Tuesday, April 13, 2010

Justification by Faith Essay - Introduction


Norma Boeckler design


Essay -
Justification by Faith:
Luther’s Doctrine versus the Universal Objective Justification of Pietism

By

Gregory L. Jackson, STM, MA, PhD
Bethany Lutheran Church
Bella Vista, Arkansas
Easter, 2010
Introduction – Justification by Faith: Luther’s Doctrine versus the Universal Objective Justification of Pietism

· The efficacy of the Word.
· Enthusiasm.
· Zwingli and Calvin.
· Pietism.
· Walther's Pietistic Easter absolution of the world.
· Justification by faith.

The current state of the Lutheran Church in North America constitutes proof that the visible expressions of the church have done more than lose their doctrinal heritage – they have consciously and persistently rejected it in favor of Enthusiasm, the source of all false doctrine.

This rejection has been the work of Lutheran Pietism, a curious amalgamation of Calvinistic doctrine and Lutheran identity, with Lutheran doctrine on the scaffold and Calvinism on the throne – and in the hangman’s role.

Some visible proofs of the victory of Pietism over Lutheran doctrine are:
Hatred of the Confessions.
Repudiation of Luther’s work.
Rejection of the historic liturgy and the Creeds.
Sermons replaced by coaching talks.
Cell groups.
Predominance of the Law, but chiefly man-made law, such as “You must be growing.”
Antinomianism, as if God’s Law is obsolete.
Silence about the efficacy of the Word.
Avoidance of the Means of Grace, or weak-kneed lip-service to this Biblical concept.
Receptionism in Holy Communion.
Tawdry gimmicks used in place of evangelism through the Word.
Obvious persecution of faithful pastors and shunning of faithful laity.
Promoting, defending, and rewarding false teachers.
Seminaries and colleges providing a tawdry Calvinistic education, with no one objecting.
District and synod officials in cahoots with the false teachers.
Feminist dogma leading to de facto women’s ordination.
Unionism with every possible sect.
Division, tension, hostility, polarization.
The silence of the shepherds and the slaughter of the lambs.

Luther identified justification by faith as the chief article of the Christian Church.

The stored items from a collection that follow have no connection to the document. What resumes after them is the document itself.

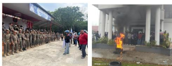
Gambar 4. Pelaksanaan Dalmas Awal oleh Satpol PP dan Dalmas Lanjutan oleh Polres Konawe

Pelaksanaan respon cepat ini terlihat dalam operasi gabungan yang ditunjukkan pada Gambar 4. Pelaksanaan Dalmas Awal oleh Satpol PP dan Dalmas Lanjutan oleh Polres Konawe. Pembagian peran dilakukan berdasarkan tingkat eskalasi situasi, sehingga penanganan dapat dilakukan secara bertahap dan proporsional.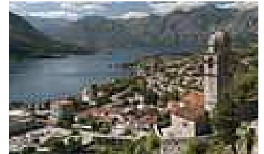
Baie de Kotor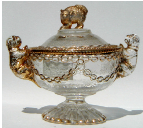
Abb. 2002-5/138 2 Deckeldosen mit Katze als Griff und zwei Hunden farbloses Pressglas, teilweise vergoldet Sammlung Geiselberger PG-135, H 9,2-9,4 cm, Dose D 11,7 / 16,2-16,8 cm s. Preis-Kurant Preß-Glas Inwald 1914, Zucker- und Butter- dosen, Nr. 5712 vgl. Chiarenza 1998, S. 144, Nr. 337, Dose mit Katze und Hunden, opak-kalk-weißes Glas, Davidson, Musterbuch um 1885, Nr. 26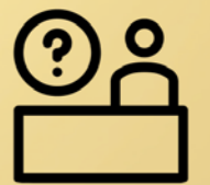
Meer ondersteuning voor de integratie-ambtenaar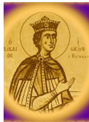
Ο πάγκαλος Ιωσήφ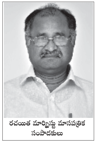
రచయిత మార్పిస్తు మాసపత్రిక సంపాదకులు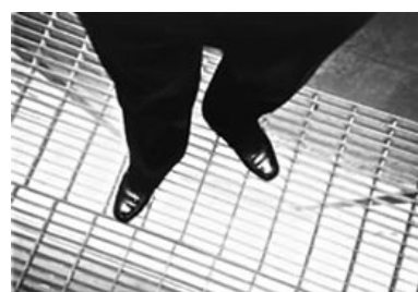
「足元見失わぬように！」

そうですね。やった、この仕事を勝ち取ったとか、週にレギュラー一本だとか、そういうのはないんですよ。たとえば今仕事が一とつしかなくても、それがすごく楽しい仕事だったら充実できるんです。もちろん楽しい仕事がたくさんあればそれにこしたことはないですけど、仕事に対する思いというか、そういうのはまったく変わってないですね。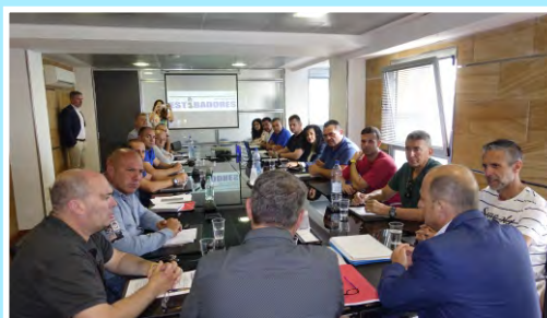
Reunión con los estibadores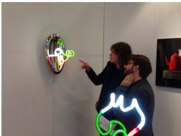
Art THE Hage, 2016 RVS neon, 60x35 x30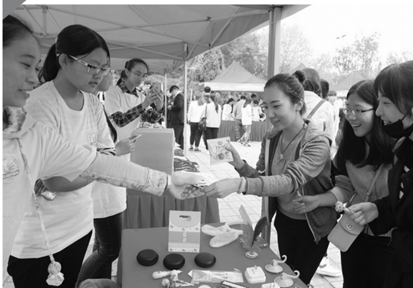
图为大学生相互交换自己不需要的发卡、衣帽钩等物品。

This famous passage is often quoted just before the advocates of Universal Objective Justification (UOJ) launch an attack on Luther’s work and the Scripture itself. Not content with eviscerating their own heritage, they look into every possible place in the Book of Concord where they can conjure UOJ in place of the Word and against the Word.

Briefly stated, Universal Objective Justification is the claim—from Pietism—that God absolved the entire world of sin at the time of the crucifixion or, in one of their many contradictions, at the time of Christ’s resurrection. The UOJ advocates insist that every single person in the world enjoys the status of guilt-free saints, even if they never come to faith and suffer in the depths of Hell itself. This claim is palpable nonsense, and its animosity toward sound doctrine has grown with the years.

The American Lutheran expression of UOJ was copied from Pietism by C. F. W. Walther and promoted by his disciples. His efforts to dominate the 19th century Midwest resulted in the spread of this Enthusiasm. Students of church history will note that the Church Growth Movement is a tacky version of Calvinism, with dollops of mutual love exchanged between Church Growth and Pietism.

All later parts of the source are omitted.